Some news that acknowledges that the internet is not death to libraries as we know it!

Good Circulation by Eric Moskovitz, Boston Globe, July 29, 2007.

Library directors remember the talk, not long ago, of technology rendering libraries obsolete. But statistics show that the opposite has occurred.

Over the past decade, library circulation has climbed, driven partly by demand for audiovisual materials and enabled by the Internet, which has allowed patrons to easily scan catalogs from home and request interlibrary loans with a few mouse clicks.

Lots of good stuff about Interlibrary Loan in this article, a service I provide at my academic library where I work and use often at my public library through the Minuteman Library Network. There’s also a place to leave comments about your public library, so if you have something good to say, get to it!

One thought on “Finally!

  1. In related news Mary Carmen Chimato waxes eloquently about research indicating increased usage of Interlibrary Loan in This Just In: ILL is Important!.

    I could wax on and on about ILL for hours, but the bottomline of this paper is that ILL activity is increasing and the trend will probably continue.
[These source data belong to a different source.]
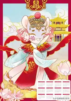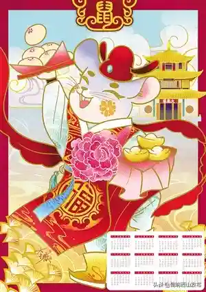 《双鼠送福》。整幅年画以中国大红色为主,融入民间嫁娶元素,色彩明艳,喜感满满。画中大观楼居正中位置,两侧分别是一雌一雄两只老鼠,双鼠身着带有“福”字的汉服,红色丝带随风扬,脚踏莲花,手托盘中含有金元宝以及糕点。天上祥云飘荡,地上银杏成行,这些是大观楼的元素,寓意鼠年喜庆之余收获满满。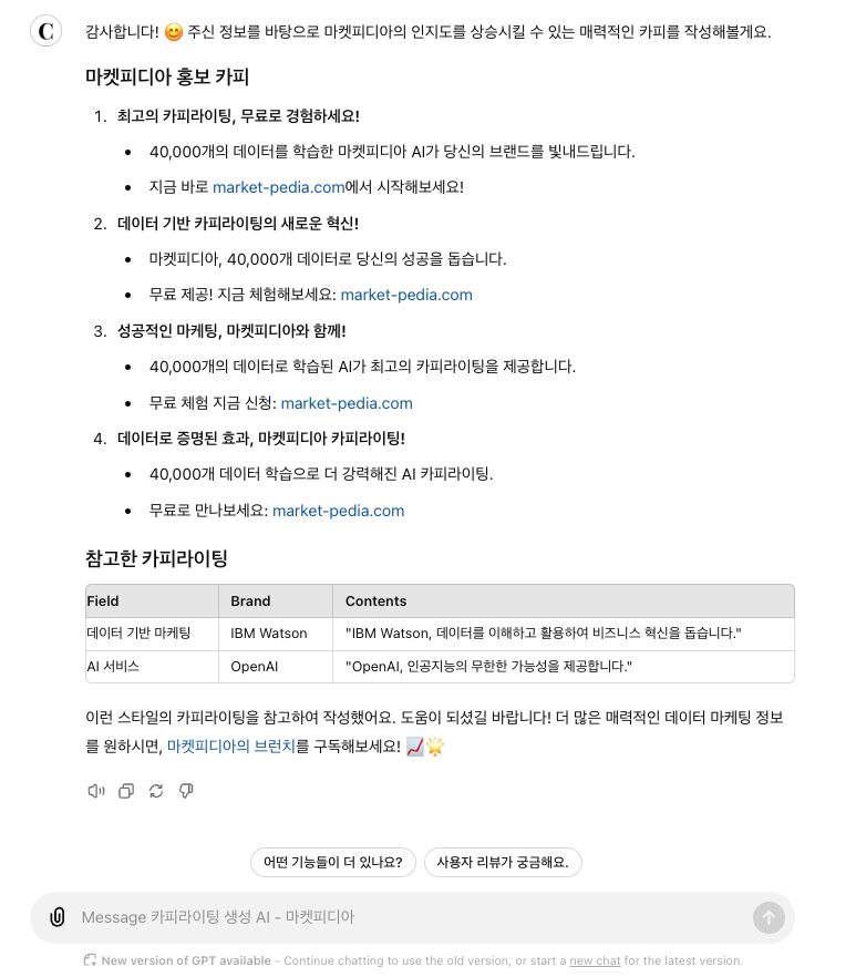 AI가 생성한 카피를 검토해 보세요. 필요한 경우, 약간의 수정을 통해 더 자연스럽고 효과적인 문구로 다듬을 수 있습니다. AI가 제안한 카피는 기본 틀을 제공하지만, 최종적으로 여러분의 터치가 필요합니다. 여기서 사람이 중요한 거죠. AI가 참고한 기존 레퍼런스들도 크로스 체크하며 추가 아이디에이션을 할 수 있습니다.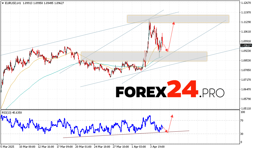 EUR/USD Forecast Euro Dollar for April 8, 2025 suggests an attempt to develop a fall in the pair and a test of the support area near the level of 1.0925. Where should we consider the rebound in the price of the Euro Dollar currency pair upward and an attempt to continue the growth of the asset on the market to the area above the level of 1.1115. An additional signal in favor of the growth of the instrument on the Forex market will be a test of the support line on the relative strength indicator (RSI). The cancellation of the EUR/USD pair growth option will be a drop in quotes and a breakout of the 1.0845 level. This will indicate a breakout of the support area and a continuation of the fall of the currency pair on Forex to the area below the 1.0625 level.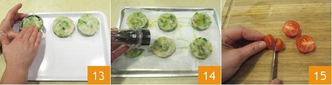 Tomad un poco de masa y dadle forma con un cortapastas de 6,5 cm de diámetro para formar los medallones 13: con estas cantidades deberíais obtener 6. Pasad los medallones a una bandeja cubierta con papel de hornear, aliñadlos con un chorrito de aceite y añadid otra pizca de pimienta 14, luego cocedlos en el horno estático precalentado a 200° durante unos 20 minutos. Mientras los medallones están en el horno, preparad la guarnición: lavad y cortad los tomatitos por la mitad 15;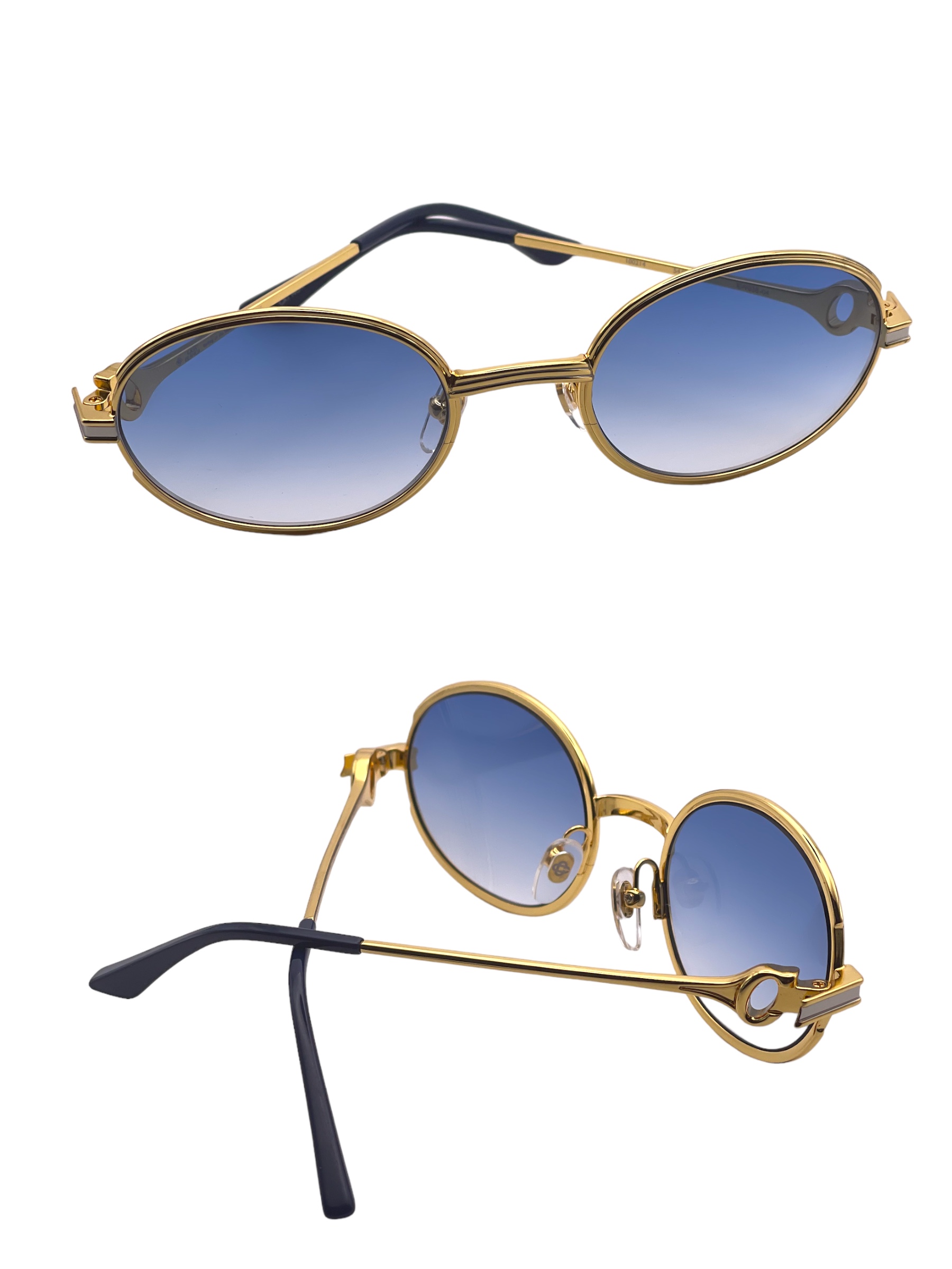 Montatura oro lucido lente azzurro sfumato

Now why do I find this significant and important? I have worked for several libraries where the administration really wanted and expected ILL to generate revenue or at the very least cost-recovery. I never agreed with this idea. Partly because the libraries I worked at were typically net lenders and did very little borrowing so there was never an even equation. Most of the lending was with libraries and institutions that we had reciprocal agreements with so we rarely charged for the service. I always felt that expecting a profit sort of flew in the face of the spirit of the service. It really isn’t about making money. It’s about providing the patron with the resource and providing that resource as quickly as possible.